美人な男性と対決しました。嘘がバレました。ひどく消耗しました。テオ様のお父様だと気づきました。


次に登場するのは…。

 


 テオ様のお父様によってひどく消耗した私は、ベッドで休憩した後、夕食をとり、体を拭いて(お風呂は貴族くらいしか持ってません。でも、私の家にはあります。)、早めに寝た。今考え事をすると、ネガティブな方向に突き進んでしまいそうな気がする。とりあえず、考えるのは後回し。




 ----------------------




 翌朝。本当はすぐに朝食にしたい所だけど、それだとケイルさんに会うことになる。今は小説関係者に会いたくない。ということで、ベッドでゴロゴロ。

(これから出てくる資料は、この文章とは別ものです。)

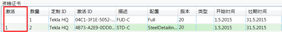 许可证信任状态显示在 Tekla License Administration Tool 中的激活证书区域。如果信任状态符号为绿色,则表示该信息受信任,如果为红色,则表示信息不受信任。
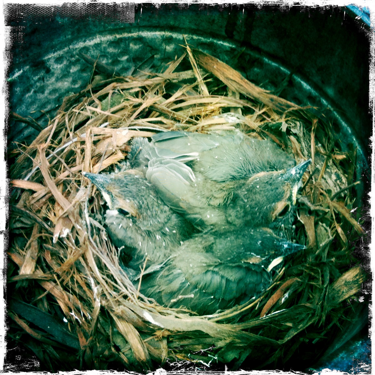 One of my favourite morning songs is that of the Grey Shrike Thrush – such a clear crisp voice – they always sound so happy. I was thrilled to discover that they are nesting in an old copper pot on the electrical box!

 今日1日はやることがない。ある程度街は見て回ったし、買い物は明後日、帰る前でいいだろう。あまり滞在したくないし、フィオを見守る任務を終えたら、さっさと帰る。


 となると、やりたいことは城の庭を見に行くことだけ。…余計な人まで思い出してしまった。なんとなく、城に行けば会ってしまいそうな予感がしている。だが、どうしても見たい。あいつを避けるために行かないのは、もったいない。負けた気がする。


 行くか。城。どうかどうか、小説関係者に会いませんように。




 その願いは、届かなかったようだ。



「おやおや、お嬢さん。また会いましたね。」



 にっこり、という音が聞こえてきそうな、全てを隠す笑みを浮かべて、あいつが近づいてくる。城に入る門で見つかってしまった。絶対待ち伏せてただろ。


 まあ、こいつから逃げるのは不可能だ。すぐに切り替えて、子供らしい笑顔で挨拶。



「せっかくですし、案内しますよ。さあ、行きましょう。」



 流れるように手を取られ、案内開始。私に拒否権など無い。そのまま庭へと連れて行かれる。周りから見れば、似ていないが仲の良い親子だろう。2人とも作り笑いなのだが。


 奥へと入っていくと、急に景色が変わった。目の前には、どこまでも続く花畑。色とりどりの花が咲いており、良い香りが風にのって私の鼻をくすぐる。



 想像以上の美しさに、私は言葉を失った。別世界に迷い込んでしまったかのようだ。隣にいる人のことも忘れて、しばらくその景色に見入ってしまった。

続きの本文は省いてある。